Data listing:
※

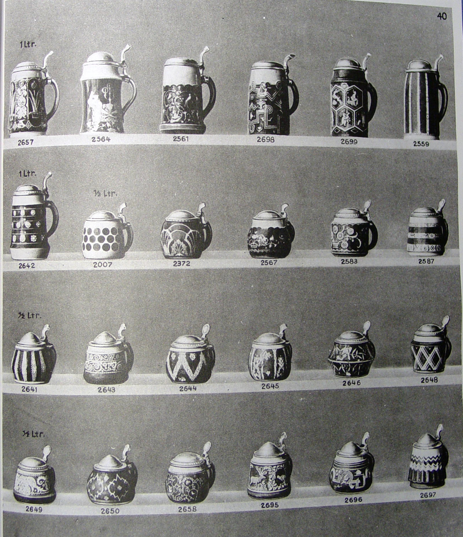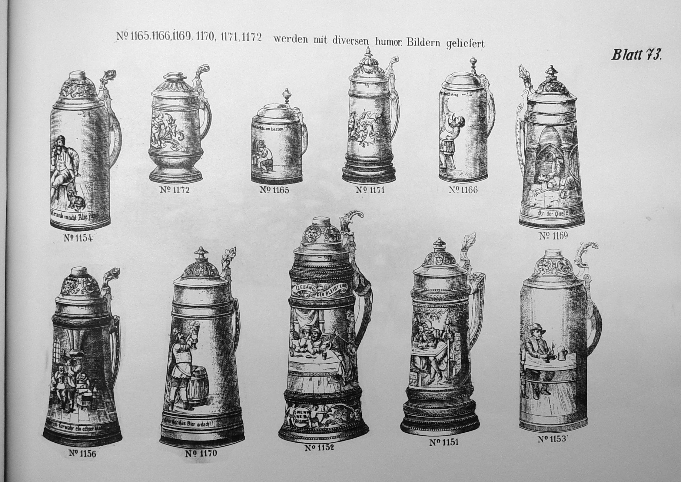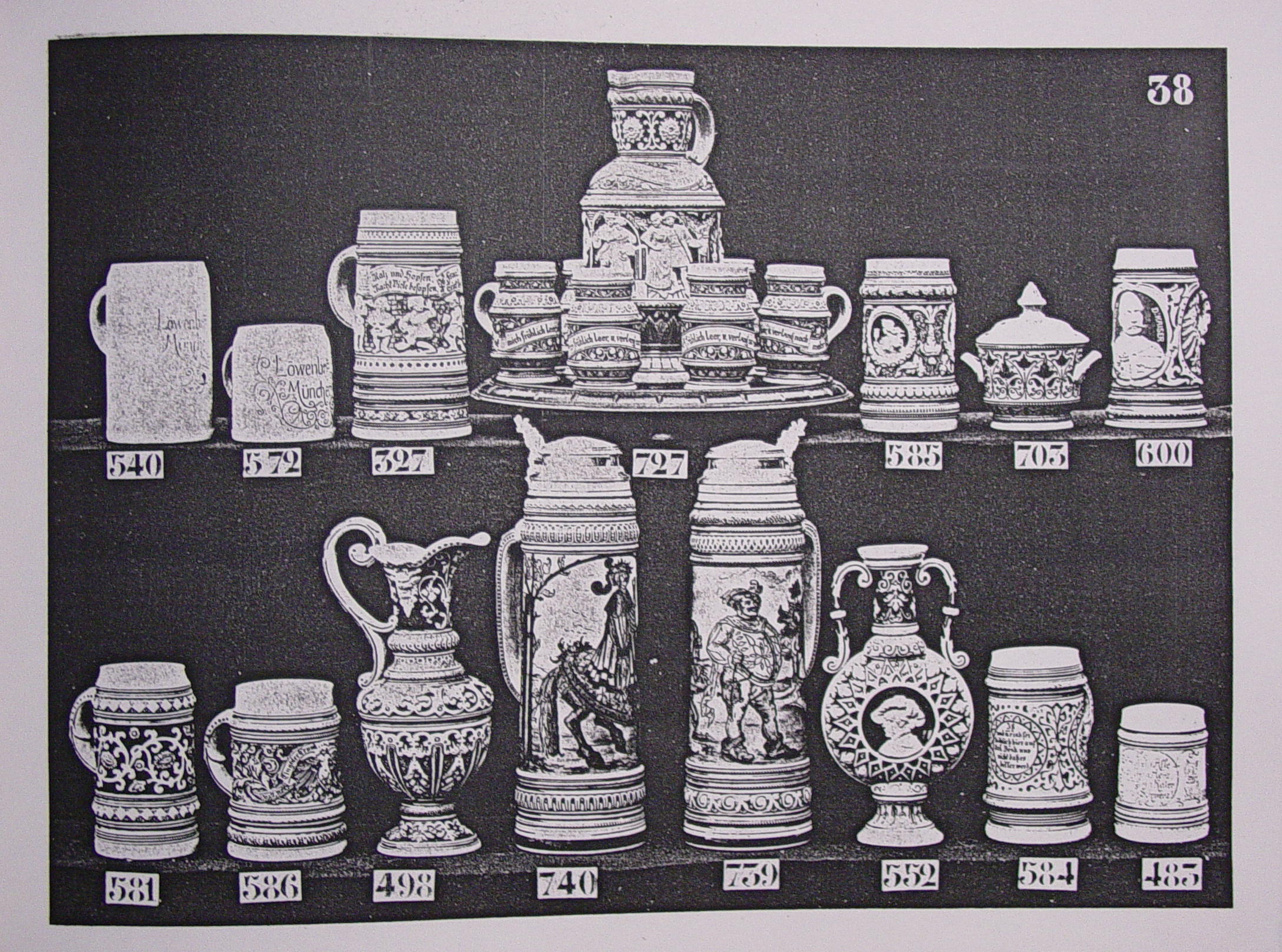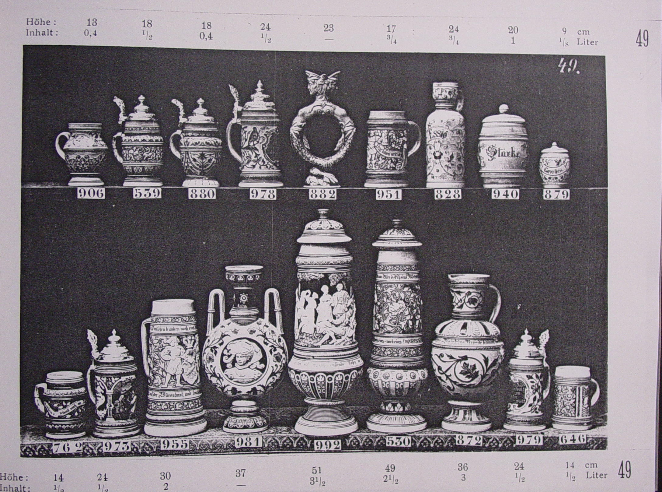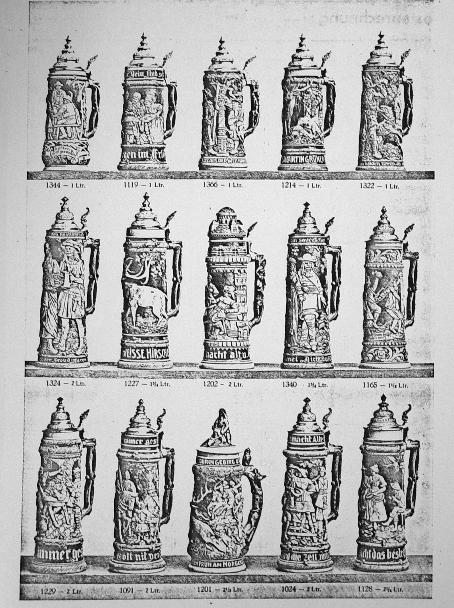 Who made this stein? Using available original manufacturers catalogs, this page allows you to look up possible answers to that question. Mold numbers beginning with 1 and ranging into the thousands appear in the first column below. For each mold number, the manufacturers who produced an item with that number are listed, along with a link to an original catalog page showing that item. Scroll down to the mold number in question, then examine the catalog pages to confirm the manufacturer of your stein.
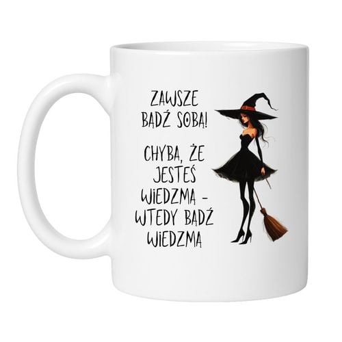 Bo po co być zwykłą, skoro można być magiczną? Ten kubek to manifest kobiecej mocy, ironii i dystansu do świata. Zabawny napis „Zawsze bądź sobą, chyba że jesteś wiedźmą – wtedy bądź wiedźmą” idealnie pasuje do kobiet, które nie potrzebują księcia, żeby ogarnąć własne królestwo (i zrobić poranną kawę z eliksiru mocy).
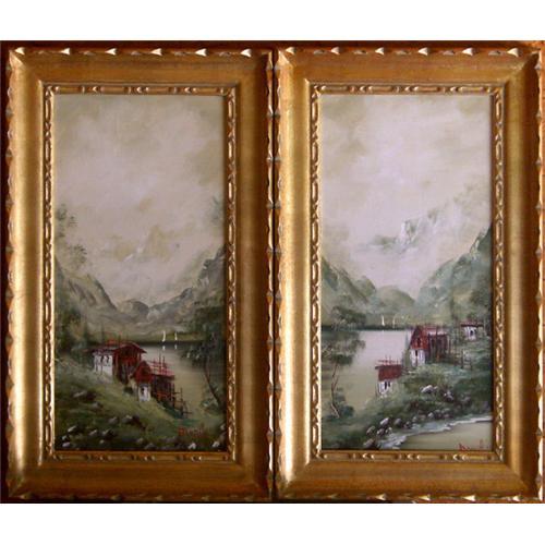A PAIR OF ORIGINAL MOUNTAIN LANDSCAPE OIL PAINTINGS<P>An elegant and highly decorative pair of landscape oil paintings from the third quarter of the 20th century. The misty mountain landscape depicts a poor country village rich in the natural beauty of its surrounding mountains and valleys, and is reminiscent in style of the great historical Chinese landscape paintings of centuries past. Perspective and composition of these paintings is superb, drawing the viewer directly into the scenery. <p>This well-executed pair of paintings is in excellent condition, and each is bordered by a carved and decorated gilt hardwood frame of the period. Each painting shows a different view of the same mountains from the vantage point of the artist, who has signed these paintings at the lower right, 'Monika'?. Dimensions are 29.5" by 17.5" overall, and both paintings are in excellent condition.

※

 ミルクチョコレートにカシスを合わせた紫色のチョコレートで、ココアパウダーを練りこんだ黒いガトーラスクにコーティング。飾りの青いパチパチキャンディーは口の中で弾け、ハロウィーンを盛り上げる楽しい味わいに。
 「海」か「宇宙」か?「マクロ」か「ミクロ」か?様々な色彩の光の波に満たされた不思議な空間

※

Task:
Look above for the line with "Bo po co być"; quote it and every line after it, stopping after the line with "A PAIR OF ORIGINAL", exactly, with nothing added and without pictures.

Output of the task:
 Bo po co być zwykłą, skoro można być magiczną? Ten kubek to manifest kobiecej mocy, ironii i dystansu do świata. Zabawny napis „Zawsze bądź sobą, chyba że jesteś wiedźmą – wtedy bądź wiedźmą” idealnie pasuje do kobiet, które nie potrzebują księcia, żeby ogarnąć własne królestwo (i zrobić poranną kawę z eliksiru mocy).
A PAIR OF ORIGINAL MOUNTAIN LANDSCAPE OIL PAINTINGS<P>An elegant and highly decorative pair of landscape oil paintings from the third quarter of the 20th century. The misty mountain landscape depicts a poor country village rich in the natural beauty of its surrounding mountains and valleys, and is reminiscent in style of the great historical Chinese landscape paintings of centuries past. Perspective and composition of these paintings is superb, drawing the viewer directly into the scenery. <p>This well-executed pair of paintings is in excellent condition, and each is bordered by a carved and decorated gilt hardwood frame of the period. Each painting shows a different view of the same mountains from the vantage point of the artist, who has signed these paintings at the lower right, 'Monika'?. Dimensions are 29.5" by 17.5" overall, and both paintings are in excellent condition.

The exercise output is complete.